The Big Hangover was one of Taylor's first films to feature her in an "adult character" role, the first being the 1949 British thriller Conspirator.

Despite being released with high hopes, The Big Hangover was a critical and box-office disappointment. Home video releases are scarce in any format, as the film remains largely unknown.

==Plot==
Law school student David Maldon is hired by a prominent law firm. At a birthday party for the senior partner, his erratic behavior causes Belney's beautiful daughter Mary to accuse David of being drunk, but he is not. David suffers from a rare malady called "liquor recoil" that causes him to become intoxicated at the mere taste of alcohol. He hallucinates during these episodes, even imagining a talking dog, and Mary, a psychoanalyst, is fascinated with the phenomenon.

City attorney Carl Bellcap is threatening a lawsuit against the firm over the eviction of a Chinese family from their apartment. David intervenes, saving the day, but firm partner Charles Parkford had been responsible for the eviction and is now livid. Parkford slips wine into David's soup and then enjoys watching David make a public spectacle of himself. David later rebukes Bellcap at the dinner and the others at the table are aghast, but Bellcap admits that he has been wrong and supports David.

At law-school graduation, David surprises his colleagues by submitting his resignation, deciding to work instead for Bellcap and the city for meager pay. Mary hates to see him leave the family firm but respects David's values, and she has fallen in love with him.

==Production==
Norman Krasna, who wrote the screenplay, sold it to MGM in March 1949 for more than $100,000. Krasna also produced and directed the film.

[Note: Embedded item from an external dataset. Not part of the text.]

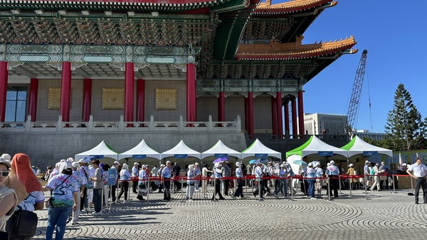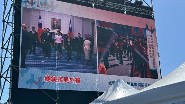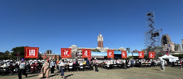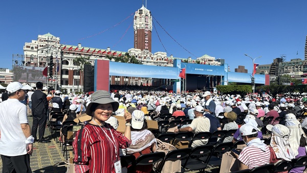 走到 ’全球華僑慶祝國慶’ 幾個大字的座位區,天氣好熱,很難找得到陰涼地方。現場陽光炙熱,很多人頭上都戴著僑委會送的有台灣字樣的帽子,滿懷熱情地參與國慶大會。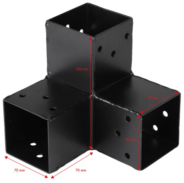 Deze hoogwaardige paalverbinder is speciaal ontworpen voor paalafmetingen van 7 x 7 cm en biedt een solide oplossing voor het verbinden van palen in diverse hoeken. Met zijn duurzame constructie en stijlvolle zwarte afwerking voegt deze paalverbinder niet alleen functionaliteit toe, maar ook een vleugje elegantie aan jouw constructieprojecten. Of je nu een pergola, een hekwerk of een tuinconstructie wilt bouwen, de Starx paalverbinder in het 3-weg hoekmodel zorgt voor sterke en stabiele verbindingen. Het hoekmodel maakt het mogelijk om palen in verschillende hoeken met elkaar te verbinden, waardoor je jouw constructie volledig kunt aanpassen aan jouw wensen en specificaties. De Starx paalverbinder is vervaardigd van hoogwaardige materialen en is ontworpen voor langdurige prestaties en duurzaamheid. Ongeacht de weersomstandigheden of het dagelijkse gebruik, deze paalverbinder biedt een betrouwbare ondersteuning voor jouw constructie, zelfs onder zware belasting.

In July 1949, June Allyson was announced as the female lead and Montgomery Clift was courted to play her costar. However, by the end of the month, Van Johnson and Elizabeth Taylor were set as the stars.

==Reception==
In a contemporary review for The New York Times, critic Thomas M. Pryor wrote: "The gag is good for some laughs the first time around, but Norman Krasna ... overworks it to a point of conscious cuteness. However, 'The Big Hangover' is not all fluff, for Mr. Krasna has developed a leading man with a purposeful slant on life. ... 'The Big Hangover,' although it runs an uneven course, still is good for some laughs and is deserving of attention."

Critic John L. Scott of the Los Angeles Times called the film "a light comedy which dips into the 'message' class now and then" wrote: "Story idea isn't too strong but the treatment is 'smart.' ... Mr. Krasna works in commentary on the selfishness of some men and their lack of 'social consciousness.' It is no diatribe and it is embellished with romance ... There is a worth-while moment when the graduating student upholds the practice of law while rehearsing his valedictory speech, and another when the poor but honest city solicitor defends his position after Johnson accuses him of toadying to the corporation attorneys."

According to MGM records, the film earned $1,320,000 in the U.S. and Canada and $306,000 overseas, leading to a profit of $25,000.